**WHAT THE TASK REQUIRES**
Below is a listing; retype exactly the line with "Jooel Blooom o" and every line after it through the end, and only those, leaving out the pictures.

**DATASET**
----
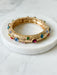 This bangle brings instant joy with its mix of vibrant, multicolored stones set against a textured gold band. The hinge-style design makes it easy to slip on while giving you a bold, statement look without the weight. It’s the perfect pop of color for holiday parties, weekend plans, or anytime your outfit needs a little extra sparkle.
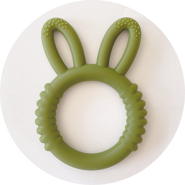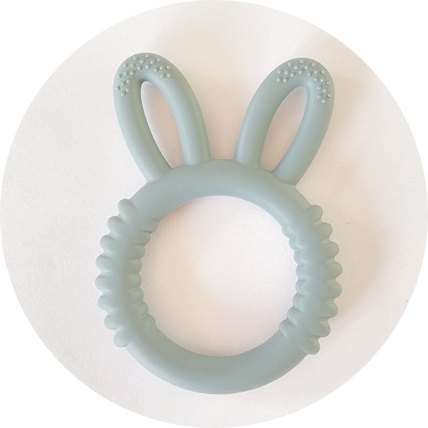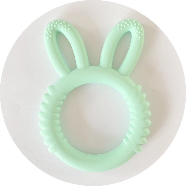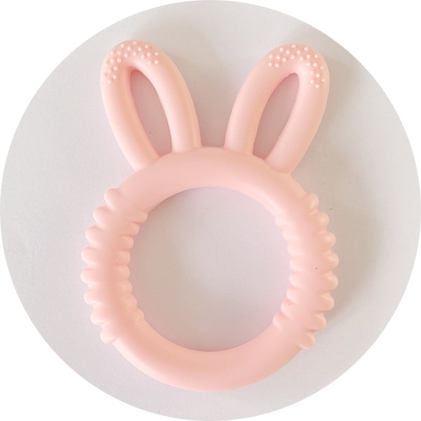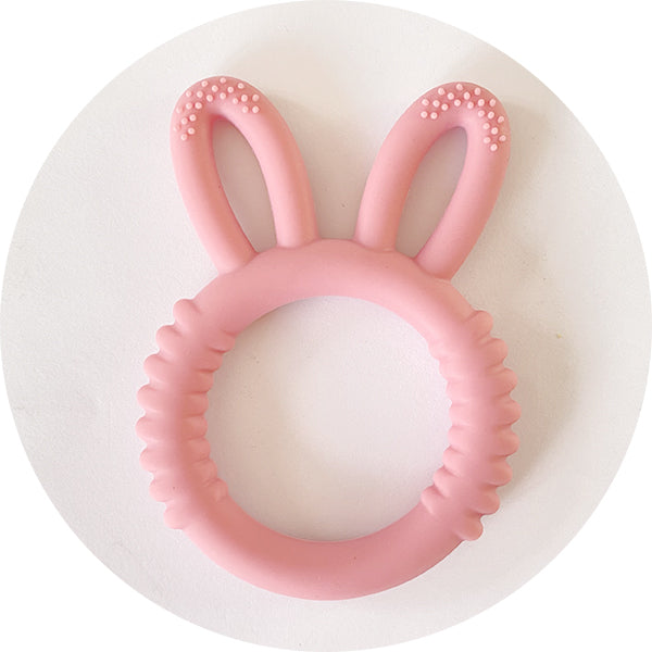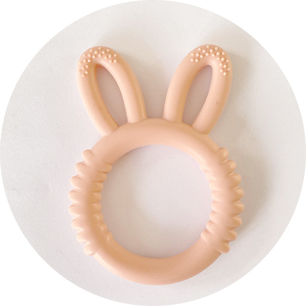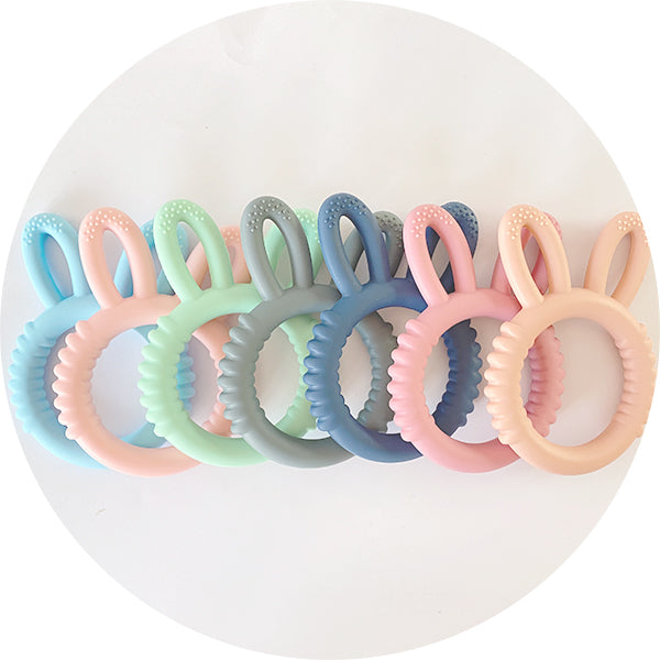 Our bunny ear teether is ready to provide soothing help for teething and itchy gums. The raised bumps on the ears and ridges on the side will provide extra sensory relief.
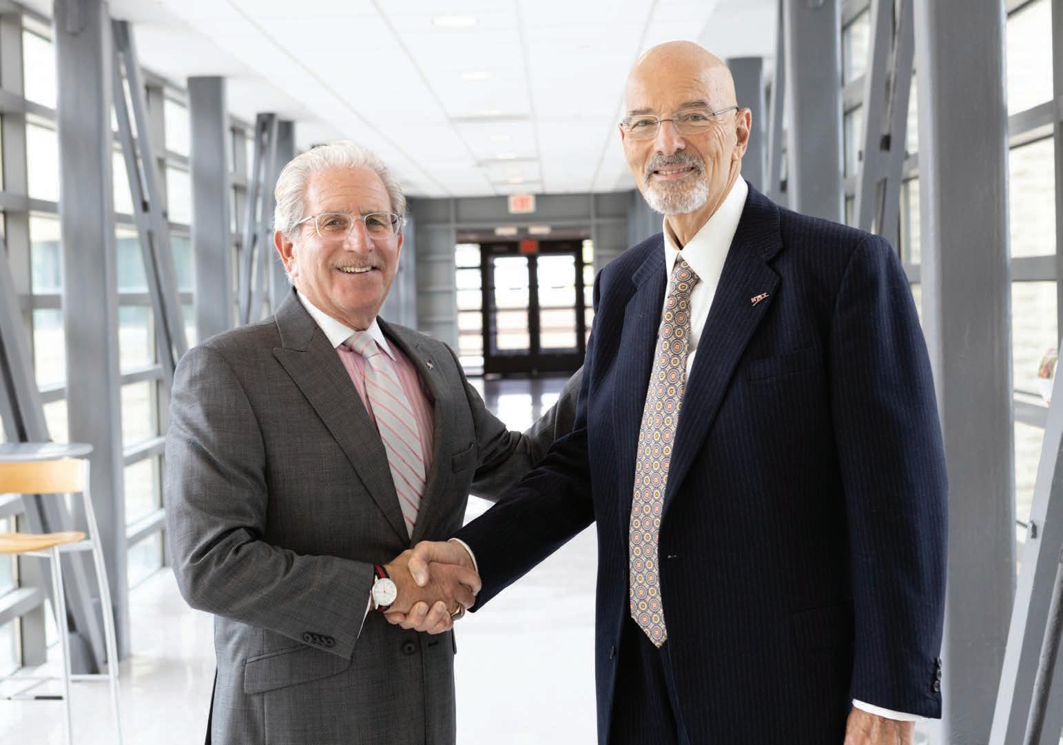 Jooel Blooom o (left), Neew Jersey Institute of Technology’s thenprresident, t joi o ned Pauul V Profeta, president of Paul V. Profeta & Associattes Innc., , in 20021 to coommem e orate Profeta’s gift to launch centeers s for r rea e l estate and d entrepreneurship.
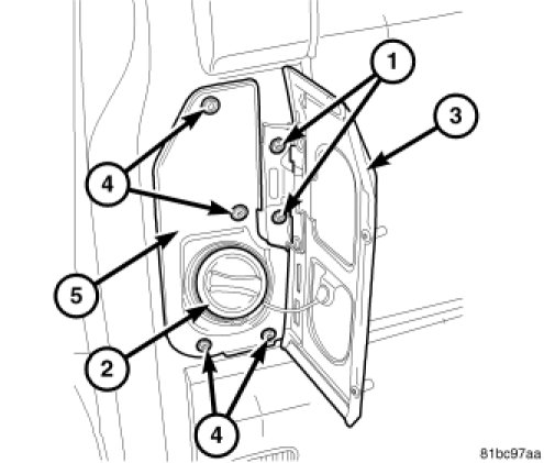 14. Install the Fuel Filler Tube Panel (2) and install the 4 Fuel Filler Tube Panel Fasteners (4).
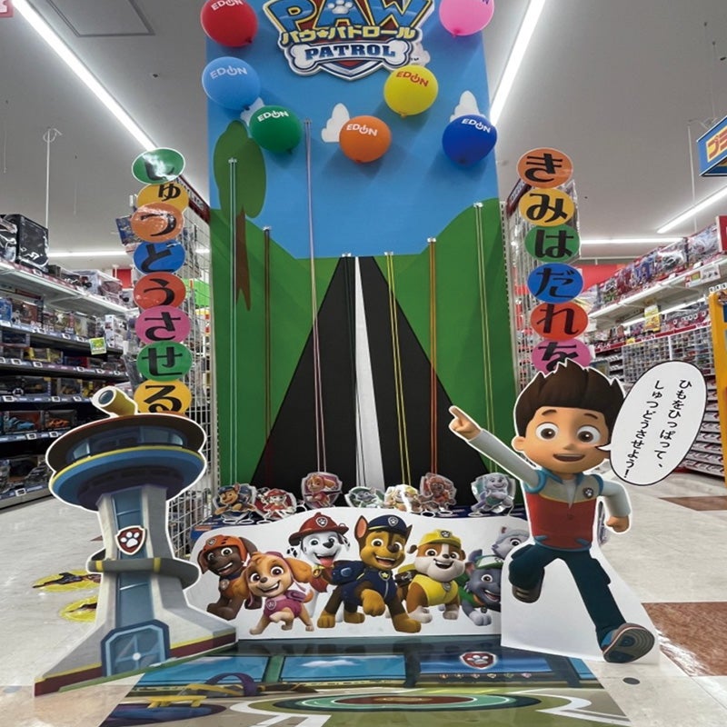 エディオン熊本本店様 ビークル型の什器にパウ・パトロールが集合して迫力満点!
----
**EXPECTED OUTPUT**
 Jooel Blooom o (left), Neew Jersey Institute of Technology’s thenprresident, t joi o ned Pauul V Profeta, president of Paul V. Profeta & Associattes Innc., , in 20021 to coommem e orate Profeta’s gift to launch centeers s for r rea e l estate and d entrepreneurship.
 14. Install the Fuel Filler Tube Panel (2) and install the 4 Fuel Filler Tube Panel Fasteners (4).
 エディオン熊本本店様 ビークル型の什器にパウ・パトロールが集合して迫力満点!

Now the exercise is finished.